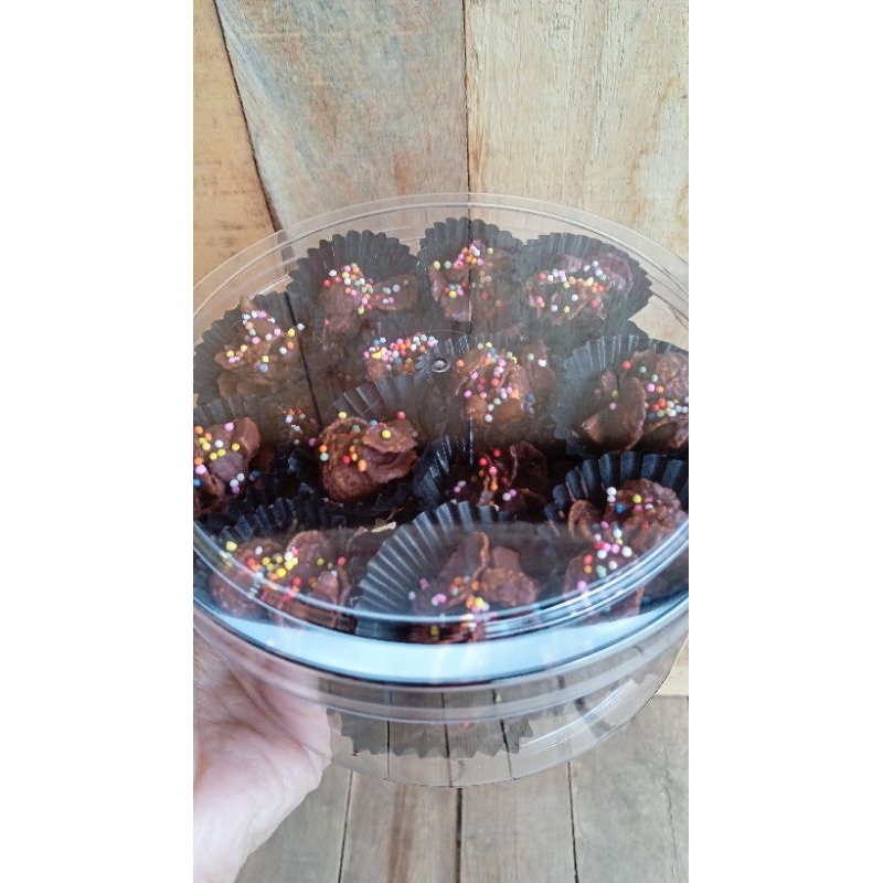 kue kering atau cemilan dengan bahan dasar sereal jagung yg di balut cokelat dan kacang mede di dalamnya.. pokoknya nyoklat✨
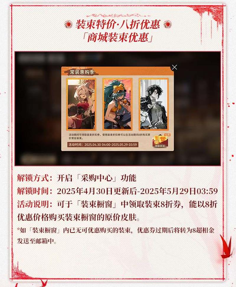 活动期间开启「采购中心」功能,可在「装束橱窗」领取装束8折券,享受8折优惠购买原价皮肤。解锁时间为2025年4月30日更新后至2025年5月29日3:59。
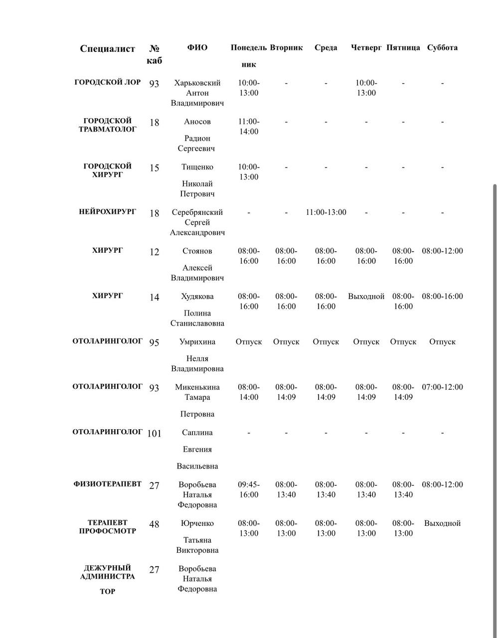 График работы специалистов ГБУ ДНР «Городская больница № 3 г. Горловки»
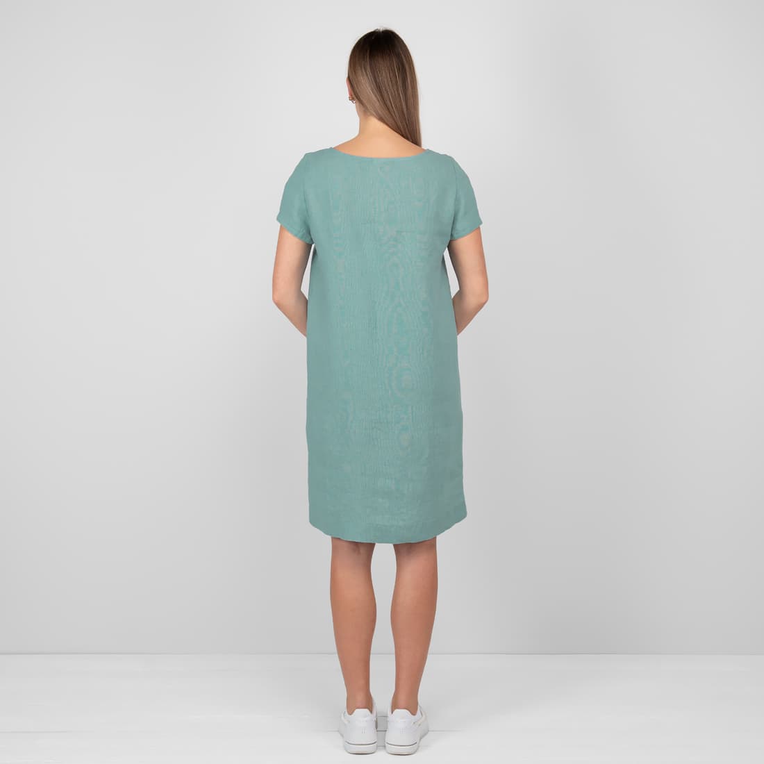 - Model: sukienka sięga kolan, równy krój
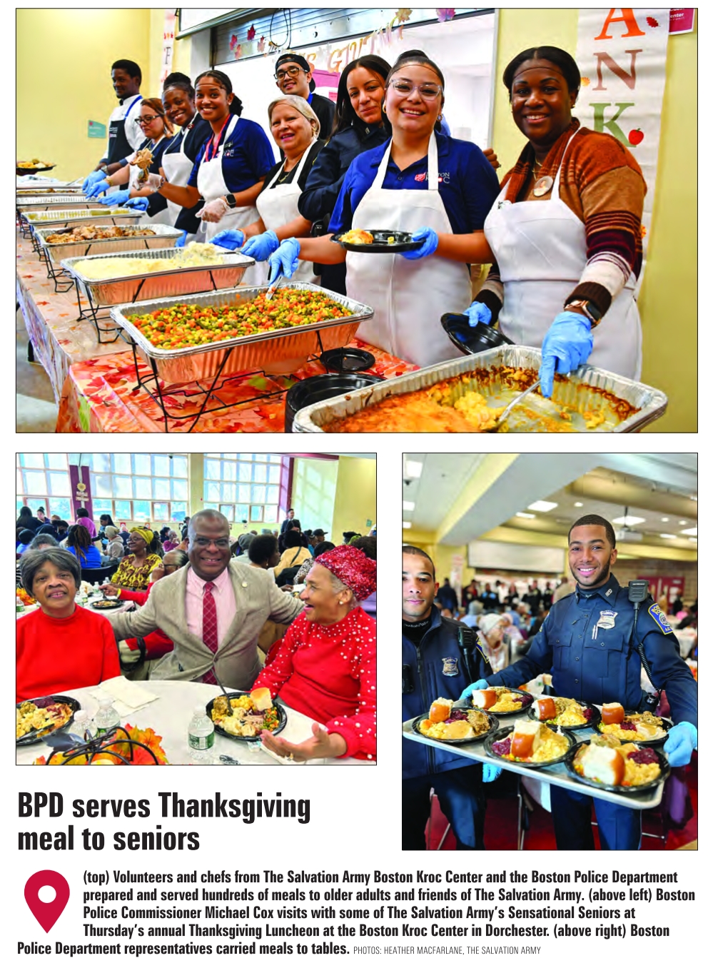 BPD serves Thanksgiving meal to seniors (top) Volunteers and chefs from The Salvation Army Boston Kroc Center and the Boston Police Department prepared and served hundreds of meals to older adults and friends of The Salvation Army. (above left) Boston Police Commissioner Michael Cox visits with some of The Salvation Army’s Sensational Seniors at Thursday’s annual Thanksgiving Luncheon at the Boston Kroc Center in Dorchester. (above right) Boston Police Department representatives carried meals to tables. PHOTOS: HEATHER MACFARLANE, THE SALVATION ARMY See also
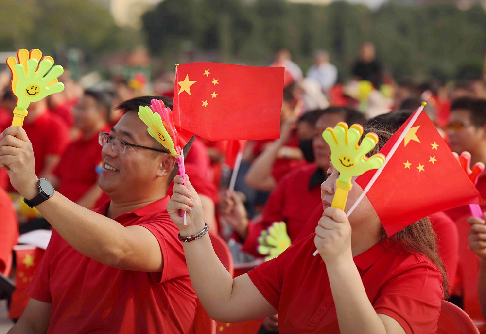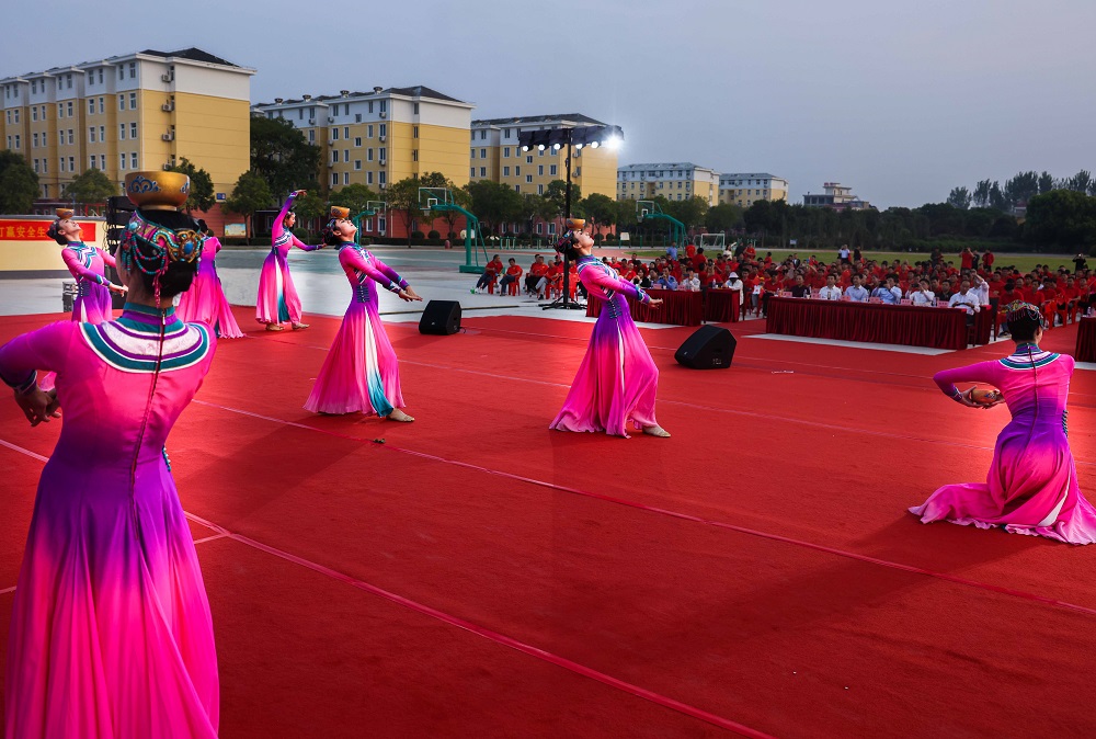演出在舞蹈《鼓舞神州》中拉開序幕,隨后男女聲二重唱《新萬泉河水》、相聲《機(jī)智問答》、魔術(shù)《快樂十分》、京劇《武家坡》、小品《金錢與孝子》等節(jié)目輪番上演。一首首膾炙人口的歌曲,一段段婉轉(zhuǎn)悠揚(yáng)的旋律,一支支優(yōu)美多姿的舞蹈,讓現(xiàn)場觀眾沉浸在歡樂的氛圍中。臺上演員們?nèi)橥度?,臺下觀眾積極互動,或跟唱歌曲,或打著節(jié)拍,現(xiàn)場氣氛融融。最后,演出在歌曲《奮斗吧追夢人》中圓滿落下帷幕。

**EXERCISE DETAILS**
Retype the records above line for line and exactly, omitting their pictures.

**TASK ANSWER**
 kue kering atau cemilan dengan bahan dasar sereal jagung yg di balut cokelat dan kacang mede di dalamnya.. pokoknya nyoklat✨
 活动期间开启「采购中心」功能,可在「装束橱窗」领取装束8折券,享受8折优惠购买原价皮肤。解锁时间为2025年4月30日更新后至2025年5月29日3:59。
 График работы специалистов ГБУ ДНР «Городская больница № 3 г. Горловки»
 - Model: sukienka sięga kolan, równy krój
 BPD serves Thanksgiving meal to seniors (top) Volunteers and chefs from The Salvation Army Boston Kroc Center and the Boston Police Department prepared and served hundreds of meals to older adults and friends of The Salvation Army. (above left) Boston Police Commissioner Michael Cox visits with some of The Salvation Army’s Sensational Seniors at Thursday’s annual Thanksgiving Luncheon at the Boston Kroc Center in Dorchester. (above right) Boston Police Department representatives carried meals to tables. PHOTOS: HEATHER MACFARLANE, THE SALVATION ARMY See also
演出在舞蹈《鼓舞神州》中拉開序幕,隨后男女聲二重唱《新萬泉河水》、相聲《機(jī)智問答》、魔術(shù)《快樂十分》、京劇《武家坡》、小品《金錢與孝子》等節(jié)目輪番上演。一首首膾炙人口的歌曲,一段段婉轉(zhuǎn)悠揚(yáng)的旋律,一支支優(yōu)美多姿的舞蹈,讓現(xiàn)場觀眾沉浸在歡樂的氛圍中。臺上演員們?nèi)橥度?,臺下觀眾積極互動,或跟唱歌曲,或打著節(jié)拍,現(xiàn)場氣氛融融。最后,演出在歌曲《奮斗吧追夢人》中圓滿落下帷幕。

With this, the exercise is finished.